(Problem requirements)
In the entries that follow, find the line containing "Comienzan a perfilarse" and the line containing "1930er Jahre, gestempelt", then retype exactly the lines from the first through the second, pictures excluded.

(Record set)
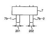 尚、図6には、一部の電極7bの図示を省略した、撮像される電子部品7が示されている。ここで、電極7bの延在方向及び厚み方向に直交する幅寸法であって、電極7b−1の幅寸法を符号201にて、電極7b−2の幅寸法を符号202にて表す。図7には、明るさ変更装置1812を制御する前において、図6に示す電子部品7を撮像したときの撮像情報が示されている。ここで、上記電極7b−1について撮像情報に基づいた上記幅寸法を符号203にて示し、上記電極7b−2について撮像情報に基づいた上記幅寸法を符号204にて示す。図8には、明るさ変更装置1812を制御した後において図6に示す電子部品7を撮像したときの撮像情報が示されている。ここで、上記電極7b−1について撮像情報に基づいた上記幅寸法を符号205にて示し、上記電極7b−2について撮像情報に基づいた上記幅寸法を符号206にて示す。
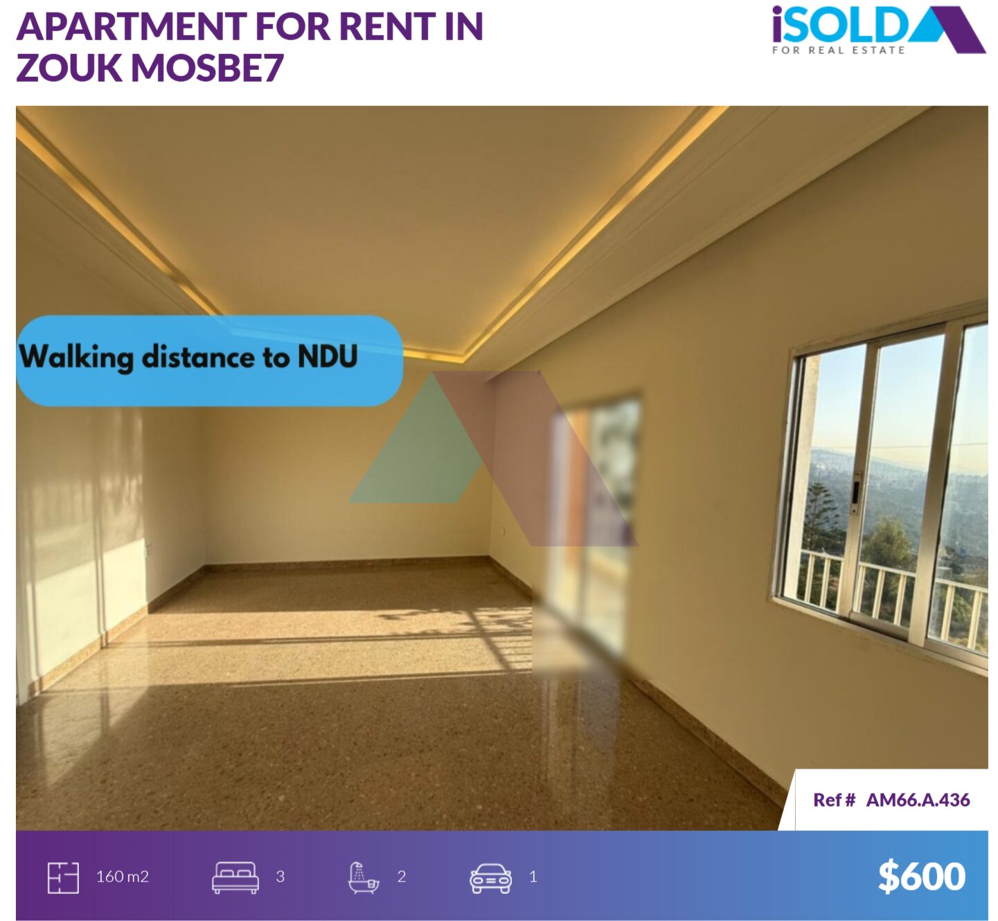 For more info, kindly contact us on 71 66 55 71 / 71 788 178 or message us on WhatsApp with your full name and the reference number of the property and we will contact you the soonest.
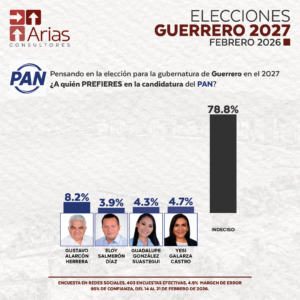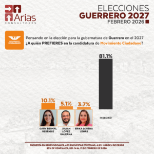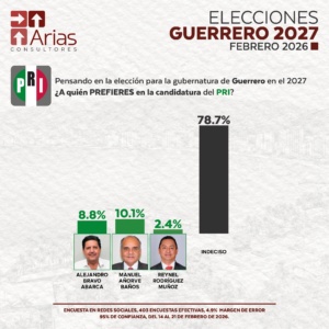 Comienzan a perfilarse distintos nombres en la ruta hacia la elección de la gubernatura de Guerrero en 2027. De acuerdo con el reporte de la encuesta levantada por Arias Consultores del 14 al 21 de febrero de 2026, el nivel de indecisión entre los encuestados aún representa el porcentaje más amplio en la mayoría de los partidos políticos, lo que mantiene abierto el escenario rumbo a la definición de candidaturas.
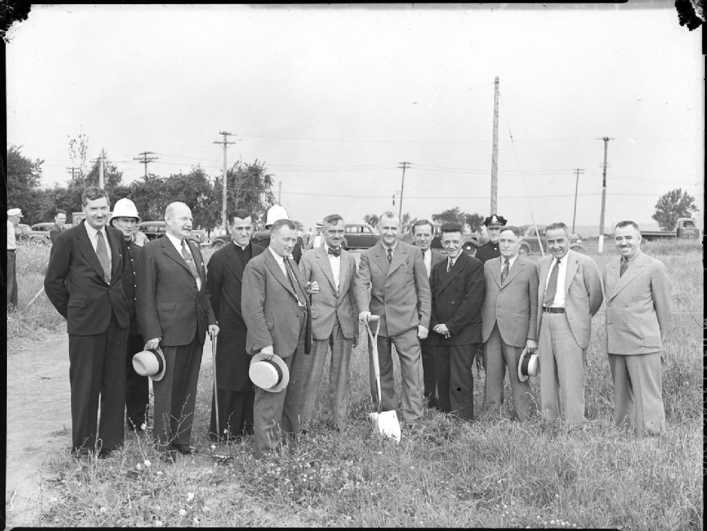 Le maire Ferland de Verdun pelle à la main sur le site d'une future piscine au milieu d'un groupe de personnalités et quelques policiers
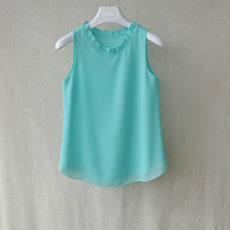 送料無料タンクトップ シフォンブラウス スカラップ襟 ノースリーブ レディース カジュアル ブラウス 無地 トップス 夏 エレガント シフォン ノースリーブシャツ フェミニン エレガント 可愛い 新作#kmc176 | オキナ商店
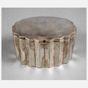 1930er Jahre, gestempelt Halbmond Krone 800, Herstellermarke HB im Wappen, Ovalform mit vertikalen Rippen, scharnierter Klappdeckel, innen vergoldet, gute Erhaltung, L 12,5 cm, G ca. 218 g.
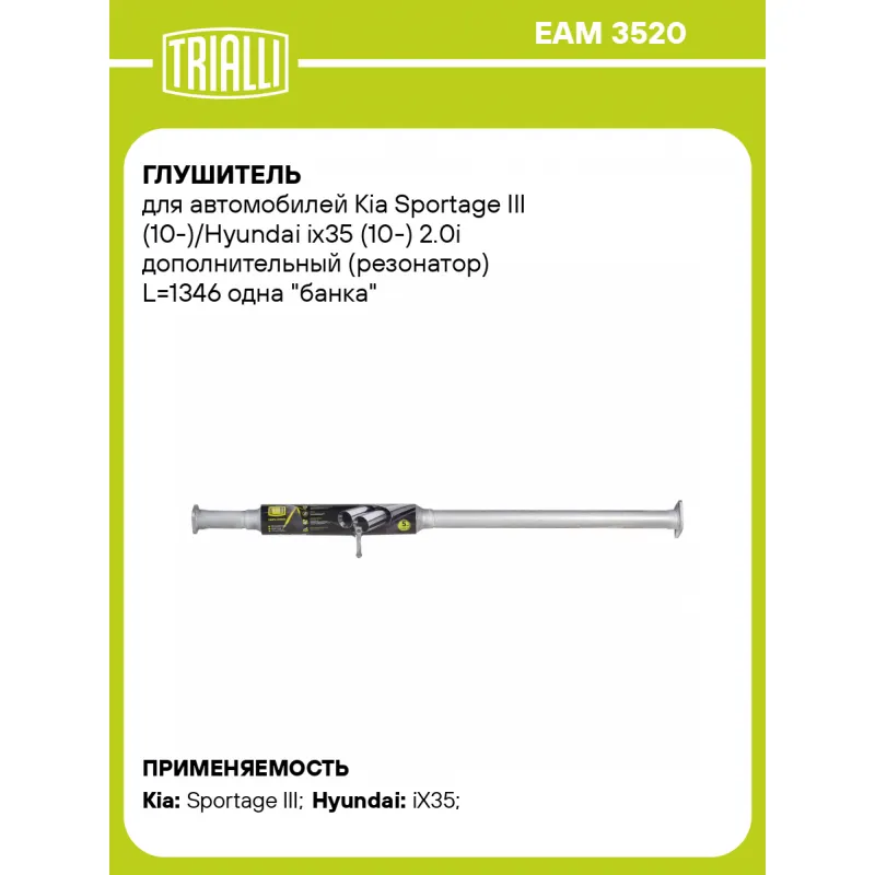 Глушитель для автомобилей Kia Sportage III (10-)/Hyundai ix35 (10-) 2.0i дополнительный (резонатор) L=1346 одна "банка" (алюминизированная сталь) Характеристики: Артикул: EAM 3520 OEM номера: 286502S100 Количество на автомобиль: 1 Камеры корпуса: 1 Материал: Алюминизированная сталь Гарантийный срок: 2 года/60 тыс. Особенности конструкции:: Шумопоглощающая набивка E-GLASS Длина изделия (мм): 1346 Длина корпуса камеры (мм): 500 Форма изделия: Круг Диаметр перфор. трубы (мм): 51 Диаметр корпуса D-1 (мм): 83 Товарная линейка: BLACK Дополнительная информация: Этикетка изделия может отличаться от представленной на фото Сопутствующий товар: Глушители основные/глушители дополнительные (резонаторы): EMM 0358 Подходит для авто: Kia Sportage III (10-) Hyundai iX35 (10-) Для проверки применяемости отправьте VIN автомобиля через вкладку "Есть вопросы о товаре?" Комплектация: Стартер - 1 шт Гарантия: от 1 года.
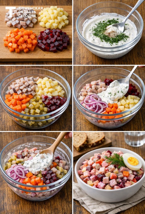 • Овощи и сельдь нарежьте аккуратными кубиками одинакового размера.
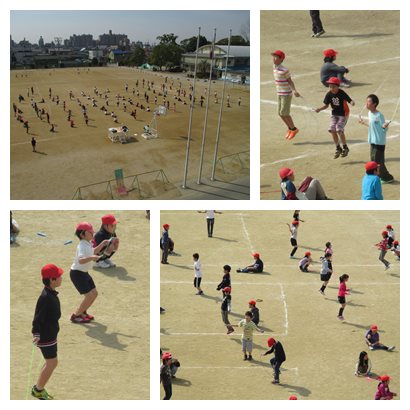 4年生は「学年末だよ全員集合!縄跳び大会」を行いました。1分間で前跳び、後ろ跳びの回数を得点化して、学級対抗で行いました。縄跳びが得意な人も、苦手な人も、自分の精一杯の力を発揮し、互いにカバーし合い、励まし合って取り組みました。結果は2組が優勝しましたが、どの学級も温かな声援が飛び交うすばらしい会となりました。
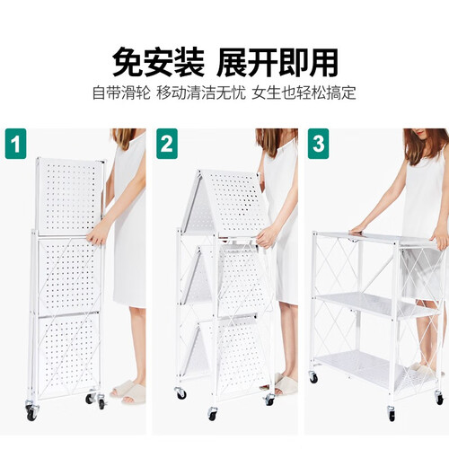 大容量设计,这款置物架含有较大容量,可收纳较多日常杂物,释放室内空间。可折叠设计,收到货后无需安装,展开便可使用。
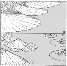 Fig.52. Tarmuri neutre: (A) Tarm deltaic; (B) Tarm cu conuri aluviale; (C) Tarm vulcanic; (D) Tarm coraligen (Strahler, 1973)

* * *

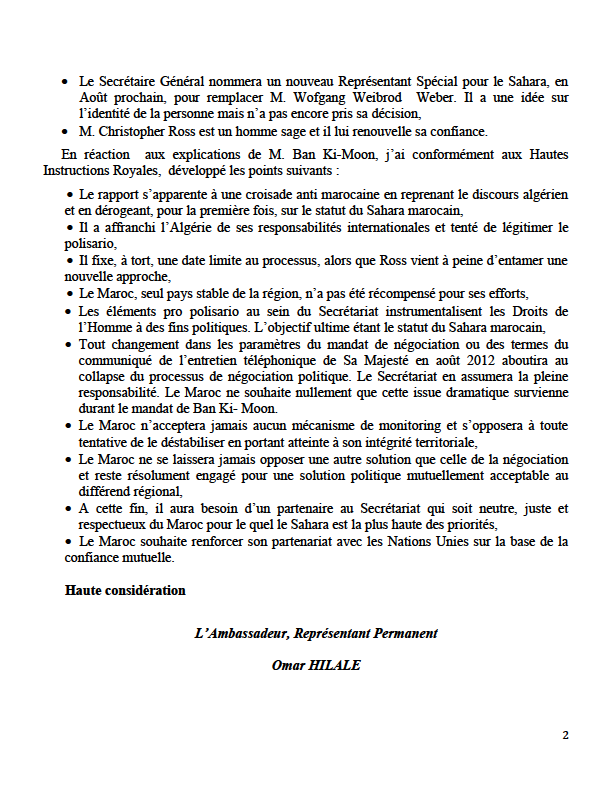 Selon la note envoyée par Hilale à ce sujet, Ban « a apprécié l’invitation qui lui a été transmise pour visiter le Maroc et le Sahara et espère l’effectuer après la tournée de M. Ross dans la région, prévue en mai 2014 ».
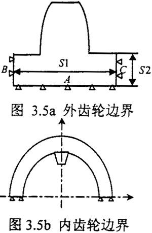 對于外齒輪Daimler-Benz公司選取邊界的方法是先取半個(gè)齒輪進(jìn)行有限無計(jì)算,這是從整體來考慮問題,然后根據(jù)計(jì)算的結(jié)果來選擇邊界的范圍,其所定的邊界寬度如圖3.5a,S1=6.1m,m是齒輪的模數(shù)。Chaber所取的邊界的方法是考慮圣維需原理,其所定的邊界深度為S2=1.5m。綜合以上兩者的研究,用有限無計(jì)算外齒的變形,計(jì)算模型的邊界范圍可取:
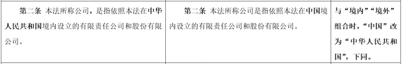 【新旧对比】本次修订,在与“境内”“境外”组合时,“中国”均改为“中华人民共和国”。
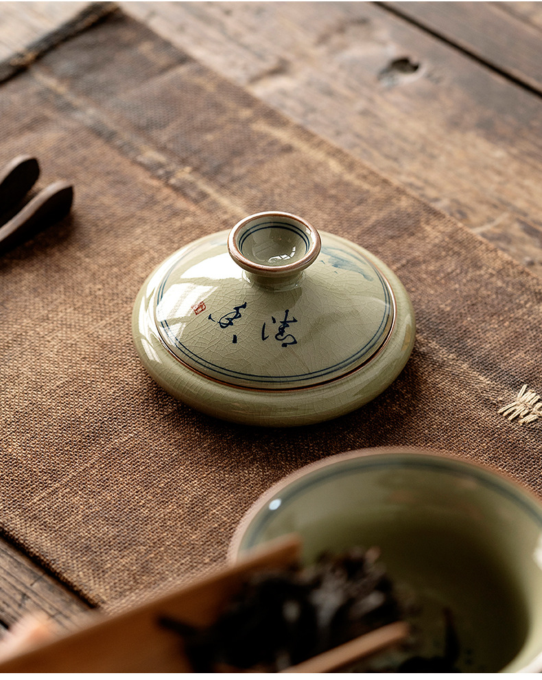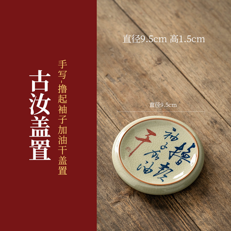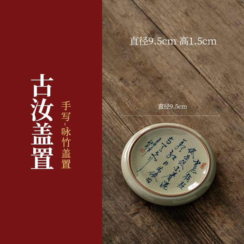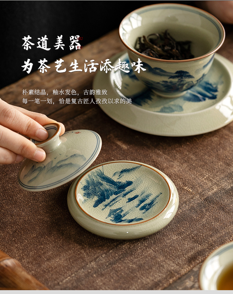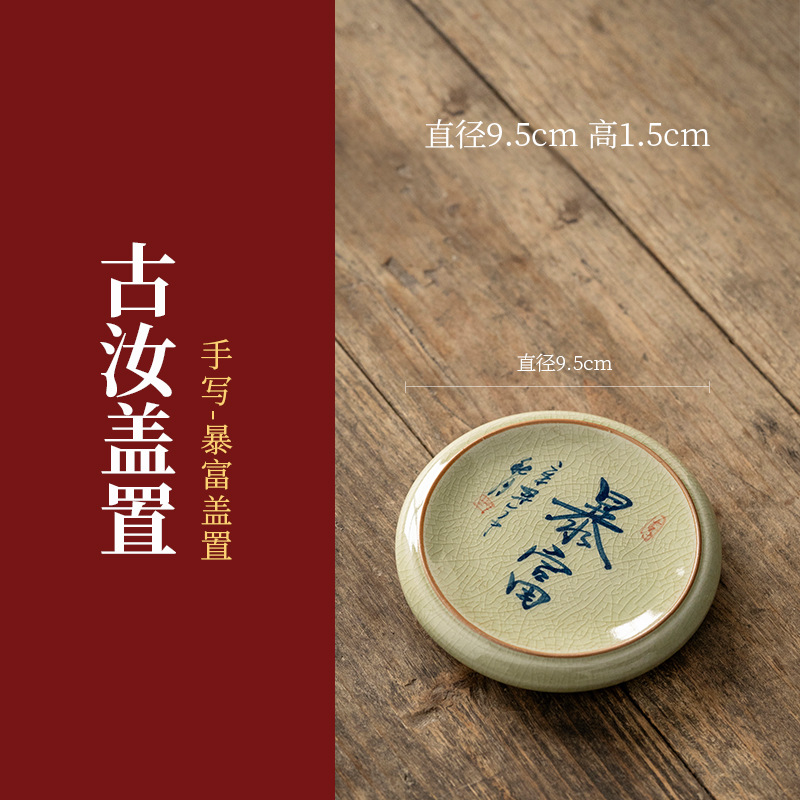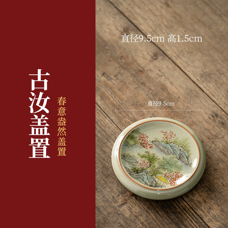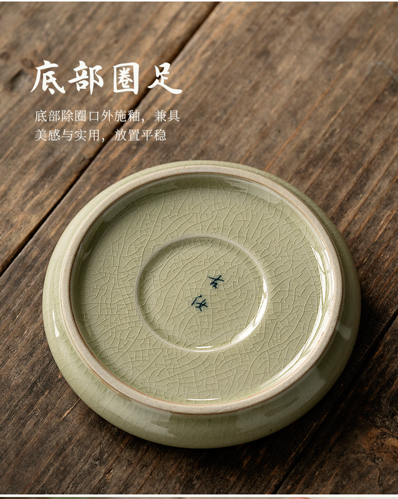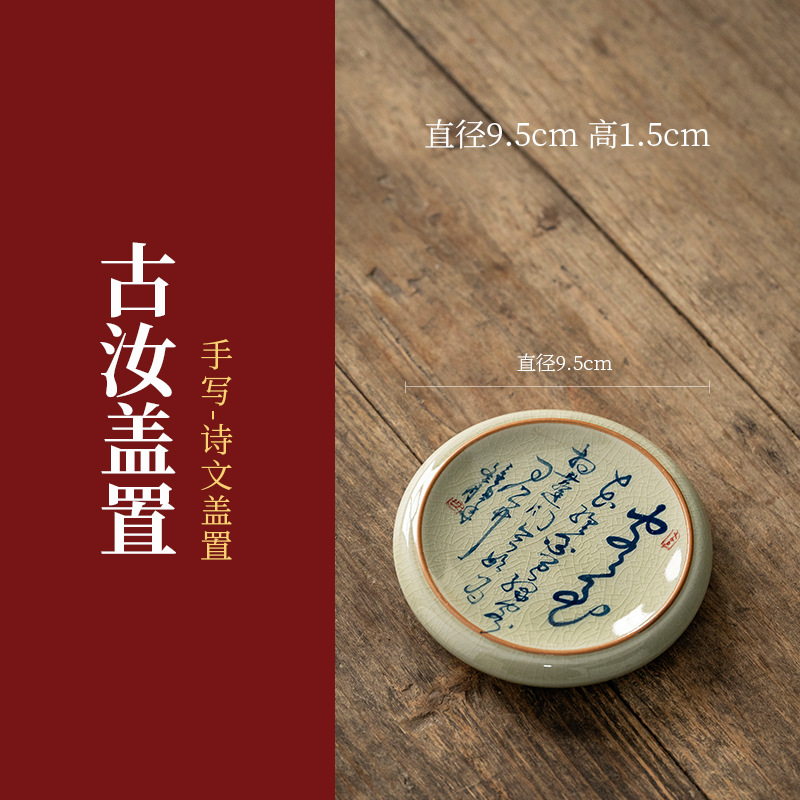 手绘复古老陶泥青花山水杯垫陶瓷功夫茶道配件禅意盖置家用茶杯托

* * *

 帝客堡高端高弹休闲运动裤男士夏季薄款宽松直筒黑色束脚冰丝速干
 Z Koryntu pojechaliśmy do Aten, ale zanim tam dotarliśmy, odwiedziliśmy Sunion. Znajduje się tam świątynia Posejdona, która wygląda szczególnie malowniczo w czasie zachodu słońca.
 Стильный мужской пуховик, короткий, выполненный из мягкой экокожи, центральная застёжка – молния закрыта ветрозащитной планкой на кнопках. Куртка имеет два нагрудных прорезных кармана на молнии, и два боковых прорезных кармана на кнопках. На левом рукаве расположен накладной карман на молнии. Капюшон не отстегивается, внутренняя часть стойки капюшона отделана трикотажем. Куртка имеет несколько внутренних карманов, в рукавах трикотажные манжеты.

(Written response)
 Comienzan a perfilarse distintos nombres en la ruta hacia la elección de la gubernatura de Guerrero en 2027. De acuerdo con el reporte de la encuesta levantada por Arias Consultores del 14 al 21 de febrero de 2026, el nivel de indecisión entre los encuestados aún representa el porcentaje más amplio en la mayoría de los partidos políticos, lo que mantiene abierto el escenario rumbo a la definición de candidaturas.
 Le maire Ferland de Verdun pelle à la main sur le site d'une future piscine au milieu d'un groupe de personnalités et quelques policiers
 送料無料タンクトップ シフォンブラウス スカラップ襟 ノースリーブ レディース カジュアル ブラウス 無地 トップス 夏 エレガント シフォン ノースリーブシャツ フェミニン エレガント 可愛い 新作#kmc176 | オキナ商店
 1930er Jahre, gestempelt Halbmond Krone 800, Herstellermarke HB im Wappen, Ovalform mit vertikalen Rippen, scharnierter Klappdeckel, innen vergoldet, gute Erhaltung, L 12,5 cm, G ca. 218 g.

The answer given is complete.